She knew Andre was too magnanimous to ever allude to her horrible fault, and would use every means to conceal it. But his domestic happiness would be gone forever. His chair at the fireside would be left empty; his sons would shun her presence, and every family bond would be severed.
Then again, would peace be preserved by her silence? Would not Clameran end by betraying her to Andre?
She thought of ending her doubts by suicide; but her death would not silence her implacable enemy, who, not being able to disgrace her while alive, would dishonor her memory.
Fortunately, the banker was still absent; and, during the two days succeeding Louis’s visit, Mme. Fauvel could keep her room under pretence of sickness.
But Madeleine, with her feminine instinct, saw that her aunt was troubled by something worse than nervous headache, for which the physician was prescribing all sorts of remedies, with no beneficial effect.
She remembered that this sudden illness dated from the visit of the melancholy looking stranger, who had been closeted for a long time with her aunt.
Madeleine supposed something was weighing upon the miserable woman’s mind, and the second day of her sickness ventured to say:
“What makes you so sad, dear aunt?
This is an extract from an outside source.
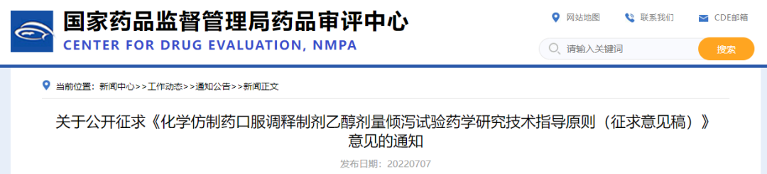 为进一步明确化学仿制药口服调释制剂乙醇剂量倾泻试验具体试验方法设计,以更好的指导企业进行研究以及统一监管要求,我中心经调研以及与专家和业界讨论,组织起草了《化学仿制药口服调释制剂乙醇剂量倾泻试验药学研究技术指导原则(征求意见稿)》。

If you will not tell me, do let me bring our good cure to see you.”
With a sharpness foreign to her nature, which was gentleness itself, Mme. Fauvel refused to assent to her niece’s proposition.
What Louis calculated upon happened.
After long reflection, not seeing any issue to her
deplorable situation,
Mme. Fauvel determined to yield.
By consenting to everything demanded of her, she had a chance of saving her husband from suffering and disgrace.
She well knew that to act thus was to prepare a life of torture for herself; but she alone would be the victim, and, at any rate, she would be gaining time. Heaven might at last interpose, and save her from ruin.
In the meantime, M. Fauvel had returned home, and Valentine resumed her accustomed duties.
But she was no longer the happy mother and devoted wife, whose smiling presence was wont to fill the house with sunshine and comfort. She was melancholy, anxious, and at times irritable.
Hearing nothing of Clameran, she expected to see him appear at any moment; trembling at every knock, and turning pale when a strange step was heard to enter, she dared not leave the house, for fear he should come during her absence.
Her agony was like that of a condemned man, who, each day as he wakes from his uneasy slumber, asks himself, “Am I to die to-day?”
Clameran did not come; he wrote, or rather, as he was too prudent to furnish arms which could be used against him, he had a note written, which Mme. Fauvel alone might understand, in which he said that he was quite ill, and unable to call upon her; and hoped she would be so good as to come to his room the next day; she had only to ask for 317, Hotel du Louvre.